Scientists uncover the structure basis for receptor recognition of Venezuelan equine encephalitis virus
On October 13, 2021, a research paper leaded by Dr. ZHANG Xinzheng at the Institute of Biophysics, Chinese Academy of Sciences and Dr. XIANG Ye at the School of Medicine, Tsinghua University, entitled "Structure of Venezuelan equine encephalitis virus with its receptor LDLRAD3" was published online in Nature.

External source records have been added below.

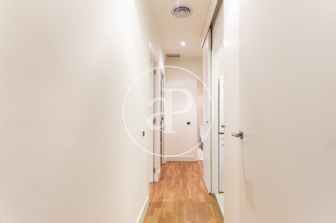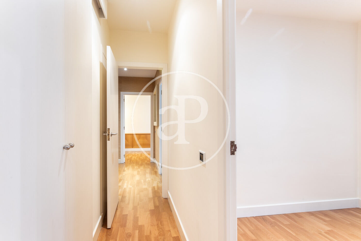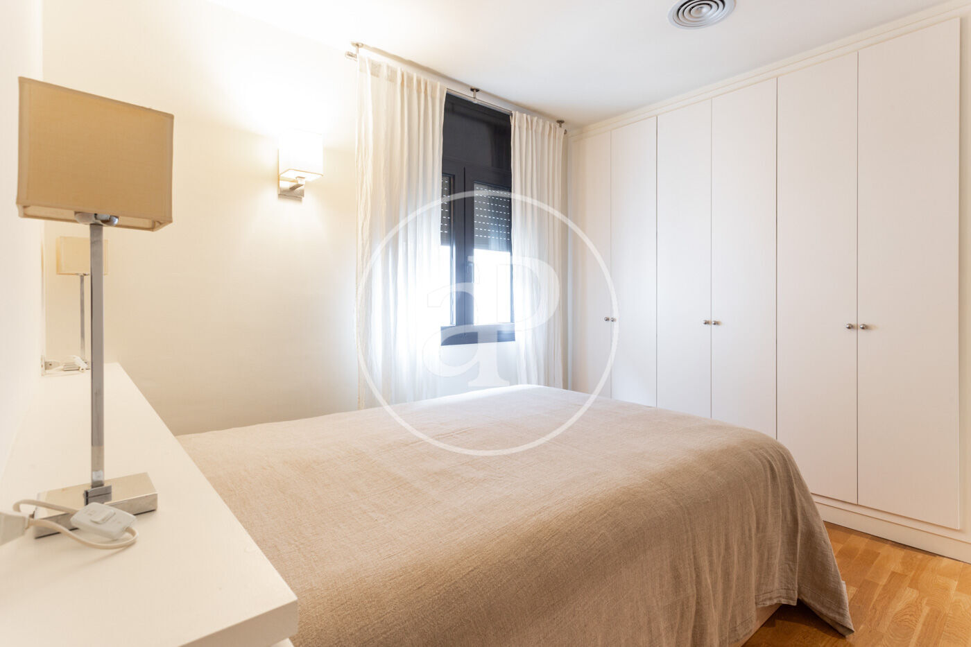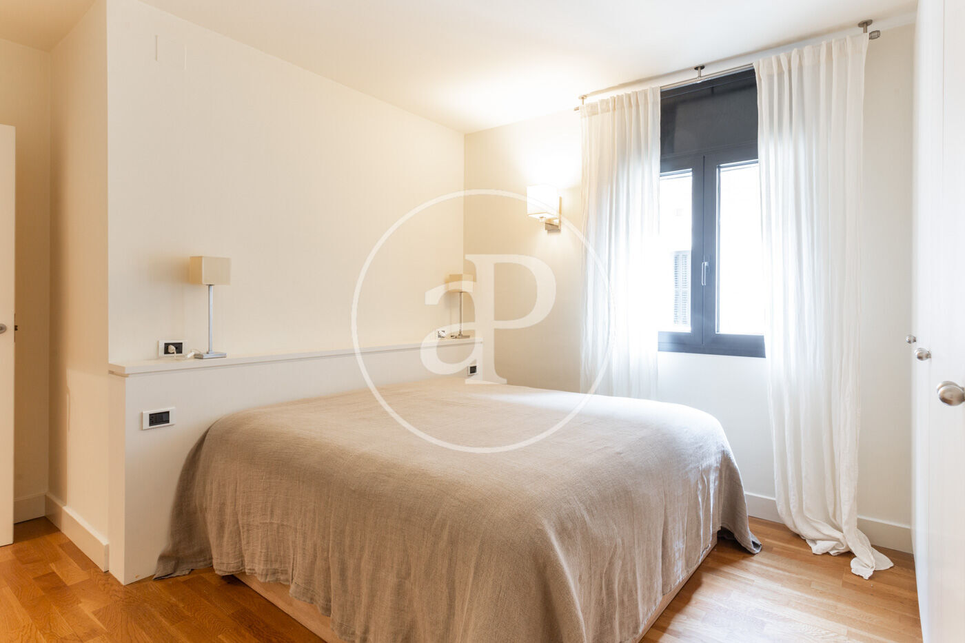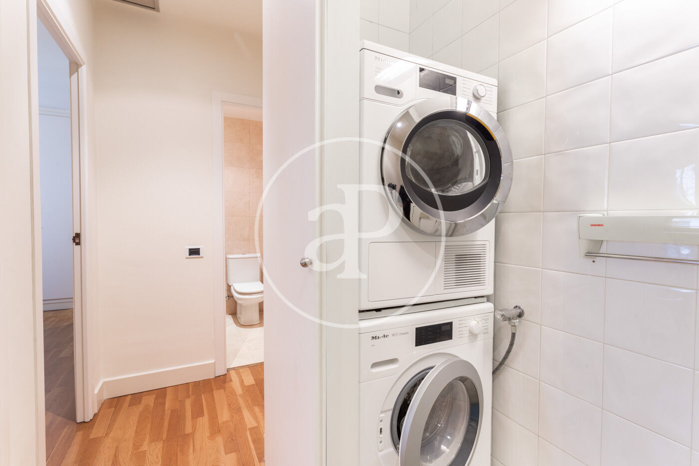 Este piso luminoso tiene 90 m², totalmente amueblado y equipado. Armarios empotrados, zona de aguas, balconcito a paseo de gracia y todo exterior. Aire acondicionado y calefacción por conductos, por todo el piso.
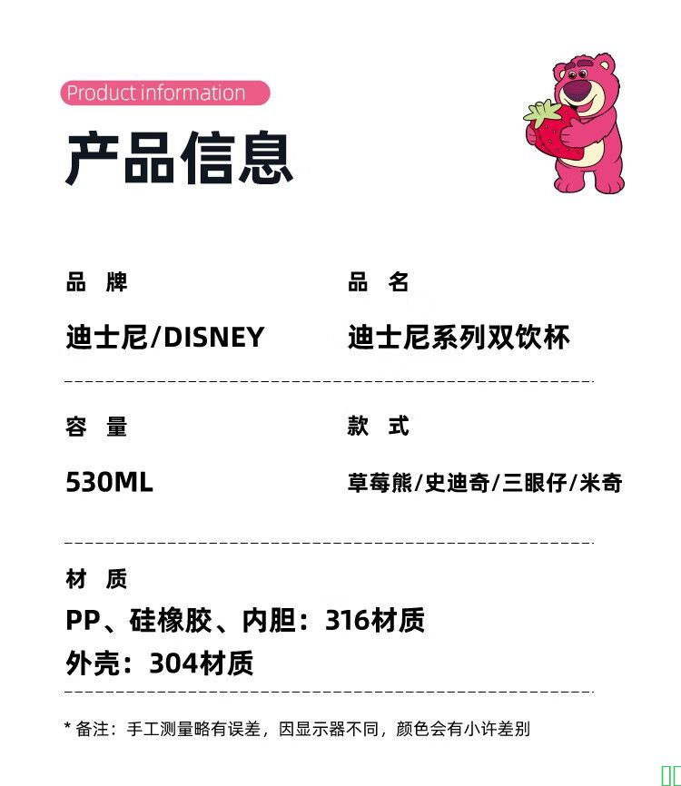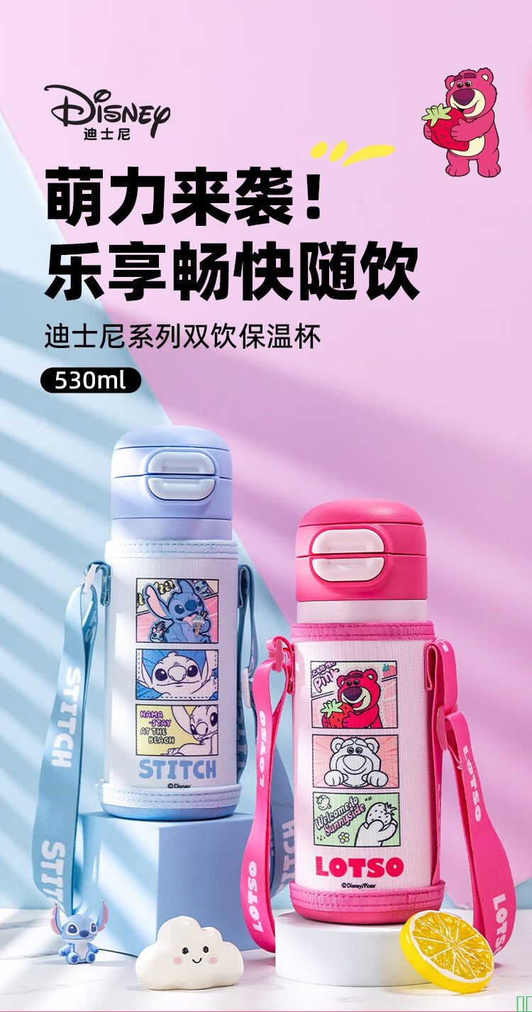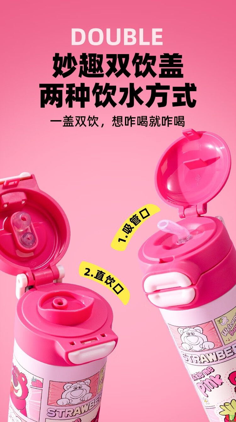 迪士尼(Disney)儿童水杯学生保温杯直饮杯不锈钢杯子大容量运动水杯随手杯礼物_草莓熊_480ml_【双饮杯】【图片_价格_品牌_报价
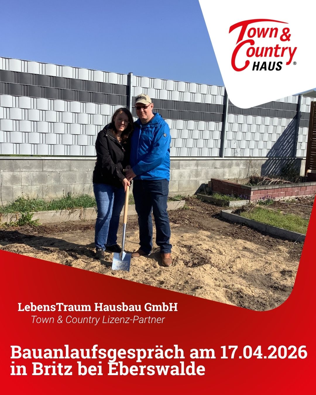 Familie Q. hat im wunderschönen Britz bei Eberswalde sich mit unserem Bauleiter am 17.04.2026 getroffen. Nun wurde direkt vor Ort das weitere Geschehen Ihres Bodensees 129 besprochen. Bald wird der Bau beginnen. Dabei haben unsere Bauherren Ihren ersten Spatenstich gemacht. Wir die Lebenstraum Hausbau GmbH und die LebensTraum PROJEKT GmbH wünschen Ihnen eine schöne Bauzeit.
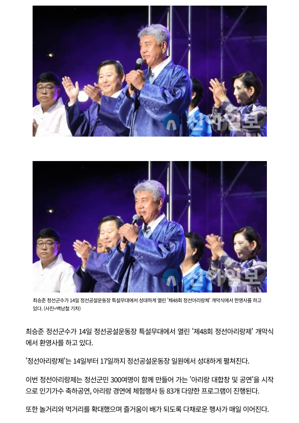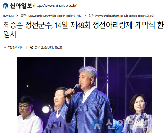 최승준 정선군수, 14일 '제48회 정선아리랑제' 개막식 환영사 페이지 정보 작성자 관리자 작성일23-09-19 09:55 조회8,222회 관련링크 이전글 다음글 목록 본문 최승준 정선군수, 14일 '제48회 정선아리랑제' 개막식 환영사 / 신아일보, 백남철 기자 이전글 다음글 목록
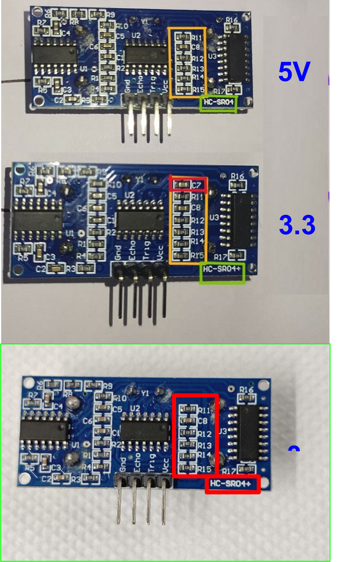 4.12.4 Check for the part number on the sensor (depicted by the Green box in the image below). Search for the text HC-SR04+, which means it is 3.3V compliant. If the part number is HC-SR04, then it is a 5V version and won’t work with Quarky.
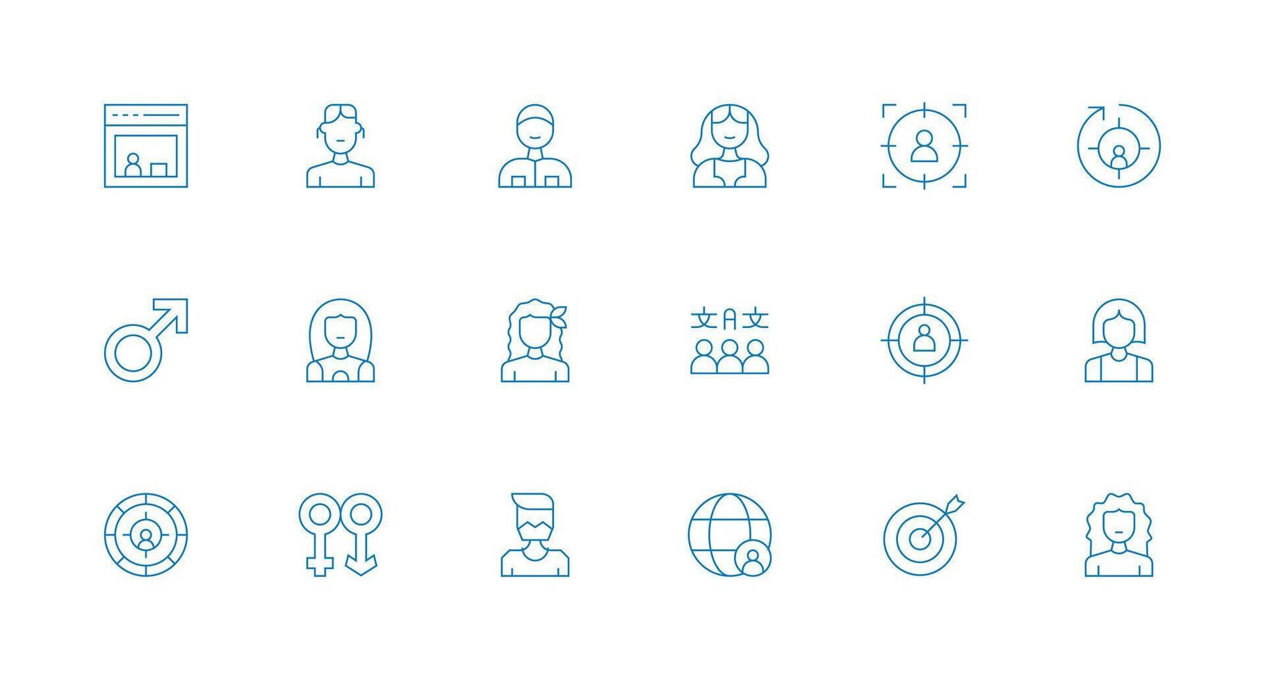 Demographic Icon Set with 18 Minimal Line Graphics Basic Icon Series vector
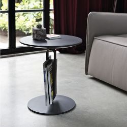 Modern round coffee table perfect for the living room. Its base is made of lacquered steel available in different colours, shaped to store books and magazines. This makes this small tale a contemporary and very useful object.
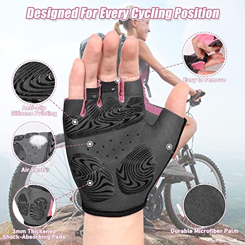 COFIT Guanti da Ciclismo a Mezze Dita, Traspiranti e Antiscivolo Unisex Guanti da Ciclismo con Cuscinetti Ammortizzanti per l'estate BMX MTB, Corsa su Strada e Allenamento - Rosa L
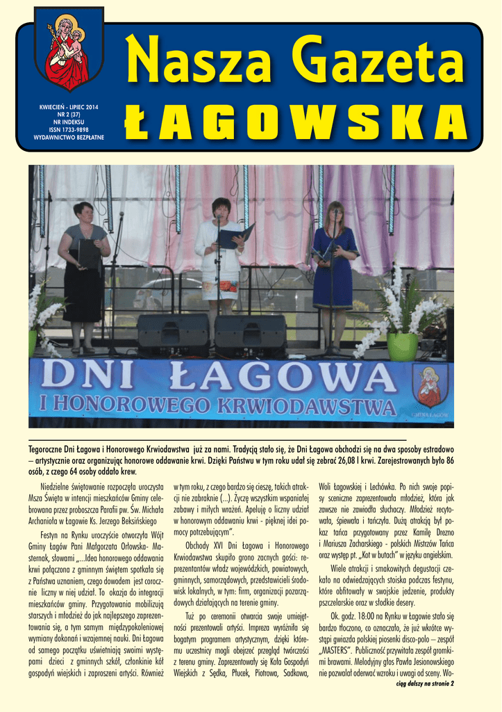 Nasza Gazeta KWIECIEŃ - LIPIEC 2014 NR 2 (37) NR INDEKSU ISSN 1733-9898 WYDAWNICTWO BEZPŁATNE ŁAGOWSKA Tegoroczne Dni Łagowa i Honorowego Krwiodawstwa już za nami. Tradycją stało się, że Dni Łagowa obchodzi się na dwa sposoby estradowo – artystycznie oraz organizując honorowe oddawanie krwi. Dzięki Państwu w tym roku udał się zebrać 26,08 l krwi. Zarejestrowanych było 86 osób, z czego 64 osoby oddało krew. Niedzielne świętowanie rozpoczęła uroczysta Msza Święta w intencji mieszkańców Gminy celebrowana przez proboszcza Parafii pw. Św. Michała Archanioła w Łagowie Ks. Jerzego Beksińskiego Festyn na Rynku uroczyście otworzyła Wójt Gminy Łagów Pani Małgorzata Orłowska- Masternak, słowami „...Idea honorowego oddawania krwi połączona z gminnym świętem spotkała się z Państwa uznaniem, czego dowodem jest corocznie liczny w niej udział. To okazja do integracji mieszkańców gminy. Przygotowania mobilizują starszych i młodzież do jak najlepszego zaprezentowania się, a tym samym międzypokoleniowej wymiany dokonań i wzajemnej nauki. Dni Łagowa od samego początku uświetniają swoimi występami dzieci z gminnych szkół, członkinie kół gospodyń wiejskich i zaproszeni artyści. Również w tym roku, z czego bardzo się cieszę, takich atrakcji nie zabraknie (...). Życzę wszystkim wspaniałej zabawy i miłych wrażeń. Apeluję o liczny udział w honorowym oddawaniu krwi - pięknej idei pomocy potrzebującym”. Obchody XVI Dni Łagowa i Honorowego Krwiodawstwa skupiło grono zacnych gości: reprezentantów władz wojewódzkich, powiatowych, gminnych, samorządowych, przedstawicieli środowisk lokalnych, w tym: firm, organizacji pozarządowych działających na terenie gminy. Tuż po ceremonii otwarcia swoje umiejętności prezentowali artyści. Impreza wyróżniła się bogatym programem artystycznym, dzięki któremu uczestnicy mogli obejrzeć przegląd twórczości z terenu gminy. Zaprezentowały się Koła Gospodyń Wiejskich z Sędka, Płucek, Piotrowa, Sadkowa, Woli Łagowskiej i Lechówka. Po nich swoje popisy sceniczne zaprezentowała młodzież, która jak zawsze nie zawiodła słuchaczy. Młodzież recytowała, śpiewała i tańczyła. Dużą atrakcją był pokaz tańca przygotowany przez Kamilę Drezno i Mariusza Zacharskiego - polskich Mistrzów Tańca oraz występ pt. „Kot w butach” w języku angielskim. Wiele atrakcji i smakowitych degustacji czekało na odwiedzających stoiska podczas festynu, które obfitowały w swojskie jedzenie, produkty pszczelarskie oraz w słodkie desery. Ok. godz. 18:00 na Rynku w Łagowie stało się bardzo tłoczono, co oznaczało, że już wkrótce wystąpi gwiazda polskiej piosenki disco-polo – zespół „MASTERS”. Publiczność przywitała zespół gromkimi brawami. Melodyjny głos Pawła Jesionowskiego nie pozwalał oderwać wzroku i uwagi od sceny. Wociąg dalszy na stronie 2 „Śpiewali polskie piosenki” Ponad 60 młodych wokalistów z terenu gminy Łagów i gmin sąsiednich zmierzyło się z rodzimą muzyką rozrywkową podczas I Festiwalu Polskiej Piosenki o „Złotą Nutkę”, który odbył się 15 czerwca 2014 r. w Łagowie. Festiwal został zorganizowany wspólnie przez Wójta Gminy Łagów oraz Dyrektora Gminnego Zespołu Szkół w Łagowie. kalista bawił również publiczność poprzez włączenie jej do wspólnej zabawy. Wieczorny czas upłynął przy muzyce zespołu „K2” z Kielc. Serdeczne podziękowanie organizatorzy składają sponsorom, którzy wsparli organizację imprezy: • „Budromost” Starachowice • Przedsiębiorstwo Techniczno-Produkcyjne „EKWOD” Sp. z o.o • Bank Spółdzielczy w Ostrowcu Św. • Zakład Robót Inżynieryjno-Transportowych WOD-GAZ • „GEORYT” Krzysztof Witkowski • Kamieniołomy Świętokrzyskie Sp. z o.o • Przedsiębiorstwo Handlowo-Usługowe „Zieliński” • GMC Staszów • PKS w Ostrowcu Św. • „U misia” wulkanizacja i myjnia samochodowa Pogoda dopisała, humory również, więc pozostaje powiedzieć: „Do zobaczenia za rok!” A. Kędziora Uczestników festiwalu oceniało jury w składzie: Pani Małgorzata Orłowska-Masternak Wójt Gminy Łagów, Pani Elżbieta Ginał Dyrektor Szkoły Podstawowej w Zbelutce, Pani Małgorzata Bęben Dyrektor Szkoły Podstawowej w Piotrowie, Pani Barbara Goliat członkini Chóru Kościelnego w Łagowie oraz Pan Wiesław Nawrocki Dyrektor Gminnego Zespołu Szkół w Łagowie. Przy ocenie występów uczestników komisja konkursowa brała pod uwagę m.in. dobór repertuaru, poprawność intonacji i ogólne wrażenie artystyczne. Swoje możliwości wokalne uczniowie mogli zaprezentować występując solo, w duetach lub w zespołach. Zadaniem uczestników było wykonanie wybranej piosenki polskiej przy akompaniamencie instrumentalnym lub do nagranego podkładu. Uczniowie przedstawiali własne interpretacje piosenek z gatunku szeroko pojętej muzyki rozrywkowej – wśród nich znalazły się zarówno hity sprzed lat (z repertuaru m.in. Edyty Geppert) jak i przeboje współczesnych gwiazd sceny mu- zycznej (m.in. Sylwii Grzeszczak). Występy były dobrze przygotowane, a młodzi wokaliści włożyli niezwykle dużo serca w wykonanie wybranej przez siebie polskiej piosenki. Ostatecznie „Złotę Nutki” trafiły do: I miejsce – Aleksandra Herbuś z piosenką „Mam tę moc”, II miejsce – Roksana Miechowicz „ Piosenka Księżycowa”, III miejsce – Izabela Sławska „Szukaj mnie”. Przyznano także kilka wyróżnień, które odebrały: Katarzyna Miller, Agata Wróbel, Patrycja Wiącek, Emilia Haba, Weronika Kiciok, Zuzanna Bera, Jakub Duda, Paulina Cisak, Katarzyna Dudek. Osoby wyróżnione dostały dodatkowo szansę zaprezentowania się podczas Gminnych Dożynek 2014 r. Wszystkim uczestnikom Festiwalu gratulujemy i zapraszamy do wzięcia udziału w następnym! A. Kędziora SUKCES ZESPOŁU TEATRALNEGO „MAŁY ARLEKIN” Z ŁAGOWA Po raz czwarty zespół teatralny
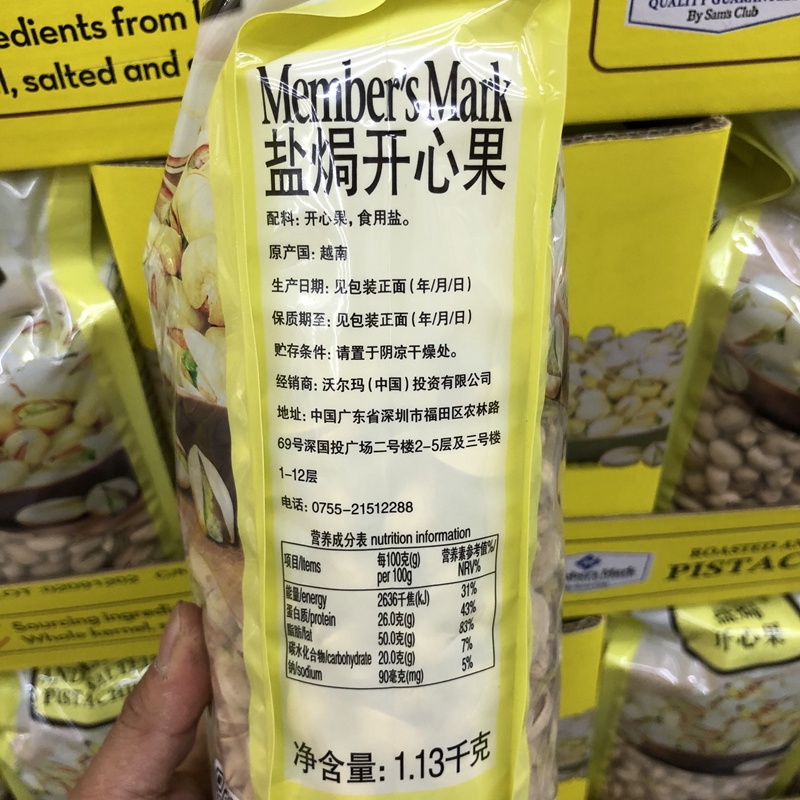 Sam pistachio Vietnamese import Members Mark salt ovens pistachios 1 13kg natural not bleached
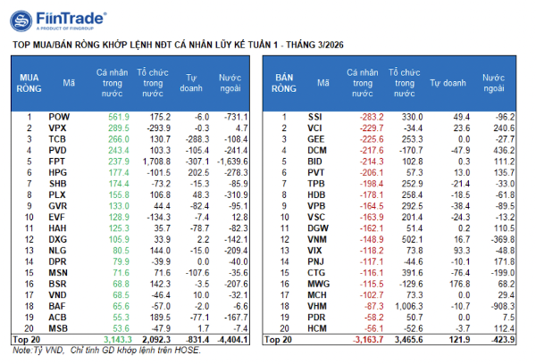 Tính riêng giao dịch khớp lệnh, họ mua ròng 9/18 ngành, chủ yếu là ngành Điện, nước & xăng dầu khí đốt. Top mua ròng của nhà đầu tư cá nhân tập trung gồm: POW, VPX, TCB, PVD, FPT, HPG, SHB, PLX, GVR, EVF.

In this study, the researchers reported two cryo-EM structure of Venezuelan equine encephalitis virus (VEEV) and VEEV complexed with its receptor LDLRAD3 protein at 3.2 Å and 3.0 Å resolution, respectively, revealing the assembly mechanism of alphaviruses and VEEV host-cell receptor binding mechanism.
Venezuelan equine encephalitis virus (VEEV) is an RNA enveloped alphavirus that infects humans and equines, it can be transmitted by mosquitoes, jumping from animals to humans causing progressive central neurological disease and complications, sometimes lethal. Due to no vaccine or effective therapeutic drug for this virus, given its dangerous nature, VEEV is classified as a BSL3 virus. Recently, the receptor for VEEV was identified as the LDLRAD3 protein, however, the high-resolution three-dimensional structure of the VEEV virus and VEEV bound to it's receptor haven't been revealed ,nor the specific molecular mechanism of the binding.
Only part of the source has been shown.